Così non apro niente e non accarezzo nessuno, indosso un bel maglione scuro difficile da sfilare che scoraggi eventuali salvatori di criceti e imparo un sacco di aneddoti divertenti con cui distrarre chi si avvicina troppo.

Tipo di quella volta che non sapevo come parlare a una tizia e per non dare nell’occhio e farle capire che mi interessava ho parlato con tutte le persone presenti, e ce n’erano come a tre cerimonie d’insediamento di Obama. Dopo due ore avevo rivolto la parola solo al mio vicino di posto, un ragazzone con la barba che lavorava per una rivista di poesia ermetica e contenitori tupperware, ed ero troppo timido per spingermi oltre, così mi sono bevuto l’equivalente alcolico del Campari, inteso non come bottiglia ma come stabilimento di Via Nazioni Unite 1, 15067 Novi Ligure AL, e sono partito baldanzoso. A metà pomeriggio avevo parlato con la tizia che mi interessava già quattro volte, la prima ero stato simpatico, la seconda ripetitivo, la terza molesto e la quarta non sono sicuro se ho parlato con lei o con uno dei tre Obami insediantisi. Verso sera mi ricordo che stavo sul tetto dell’edificio con un inglese, un francese e un tedesco a raccontarci barzellette, e riuscivo a biascicare in tutte e tre le loro lingue, spesso mescolandole per rendermi incomprensibile a più persone contemporaneamente. Però si divertivano, l’unico che non rideva era il tedesco, ma l’umorismo dei tedeschi è tuttora oggetto di studio da parte di un’equipe internazionale di scienziati presso il Massa Institute Of Technology, costola toscana della prestigiosa università statunitense.
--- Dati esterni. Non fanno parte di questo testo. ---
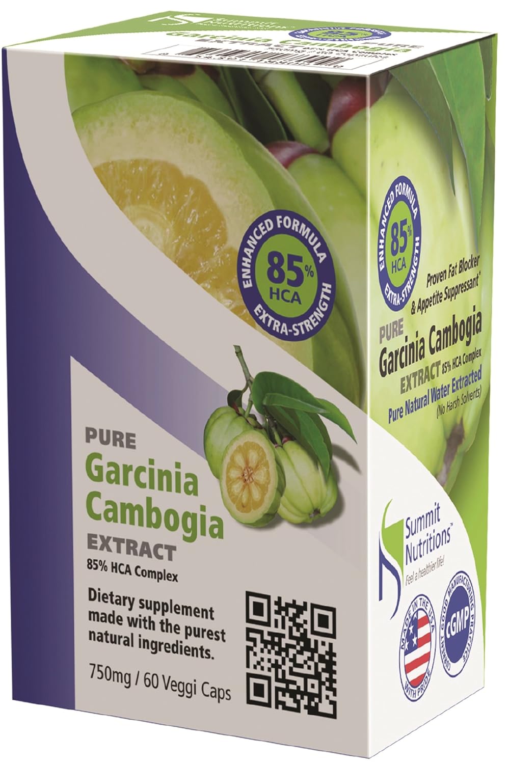 85% HCA MAXIMUM STRENGHT FORMULA – Summit Nutritions Garcinia Cambogia has more than 85% HCA complex which includes real and legitimate (Third party Tested in US according to standardization of USP/NF) approximate 72% (-) HCA and its in stabilized form with complex of natural lactones of HCA, Citric Acid and Mineral of Natural calcium

Alla fine devo essermene andato in qualche modo, perché mi sono risvegliato il giorno dopo nel mio letto, con indosso ancora la camicia elegante e un calzino. I criceti al mio interno erano tutti buttati qua e là e non si sentivano per niente in forma, sono andato in bagno a vedere se per caso ne avessi vomitato qualcuno, e in quel momento ho visto che c’era un messaggio sul cellulare da un numero sconosciuto. Trattenendo il fiato sia io che i criceti abbiamo aperto il messaggio. Diceva “Questo è il mio numero, ciao, De”. De sta per? Denise? Debborah? De Gasperi? Ho cercato di rimettermi dritto, ho assunto un aspetto decente manco avessi dovuto fare una videochiamata, ma stavo talmente in confusione che poteva partirmene una per sbaglio, ho fatto qualche prova di voce sexy come ho visto fare una volta in un tutorial su Youtube condotto da Enzo Cannavale e ho composto il numero.
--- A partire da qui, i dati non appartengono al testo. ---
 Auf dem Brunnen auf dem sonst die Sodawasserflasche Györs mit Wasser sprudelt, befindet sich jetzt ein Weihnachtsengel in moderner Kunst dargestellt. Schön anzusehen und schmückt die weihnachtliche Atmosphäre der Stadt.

“Ciao, sono Demetrio, volevo confermarti che sabato prossimo verremo a casa tua per quella dimostrazione di contenitori tupperware. Grazie ancora per la disponibilità!”
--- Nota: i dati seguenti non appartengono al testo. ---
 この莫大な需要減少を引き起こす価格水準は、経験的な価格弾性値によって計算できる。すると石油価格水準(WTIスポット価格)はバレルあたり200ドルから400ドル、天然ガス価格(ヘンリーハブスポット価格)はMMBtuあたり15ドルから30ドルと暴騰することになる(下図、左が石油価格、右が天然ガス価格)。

Aneddoti così. Solo che alla lunga cavarsela con le storielle è come lo sportello del freezer che si chiude male a causa del ghiaccio formatosi in alto, e chiudendosi male se ne forma altro, e alla fine devi staccare la spina e lasciarlo sciogliere tutta la notte, e di solito non succede il venerdì sera, succede la domenica dopo cena verso le nove e mezza, e l’unica cosa che puoi fare per portarti avanti col lavoro è anticipare le madonne che tirerai domani mattina a tirare su acqua invece di fare colazione e andare a lavorare. Non bisognerebbe accumulare ghiaccio, fa male ai criceti. Ogni tanto bisognerebbe lasciare sportello aperto e spina staccata e sciogliere tutti quei nodi che abbiamo dentro. Ma come si fa? I minestroni surgelati dove li metti finché il lavoro non è finito? Quando vai in vacanza puoi lasciare il cane in una pensione per cani dove viene custodito e nutrito finché non torni. È una soluzione più triste del portare tua madre all’ospizio perché è anziana, soprattutto se hai una madre come la mia e un sacco di ospizi economici nei paraggi, ma per certe persone che non sanno a chi lasciarlo non c’è altra soluzione, o così o rinunci alle vacanze. Per i minestroni surgelati non esistono pensioni, ti devi mangiare tutta la riserva del freezer prima di adoperarti nello sbrinamento. Va bene, sarebbe meglio, nel mio freezer sono ancora conservati frammenti dell’Arca di Noè, dovrei buttarli via altro che mangiarli, e chissà nei vostri cosa verrebbe fuori a fare carotaggi nel permafrost.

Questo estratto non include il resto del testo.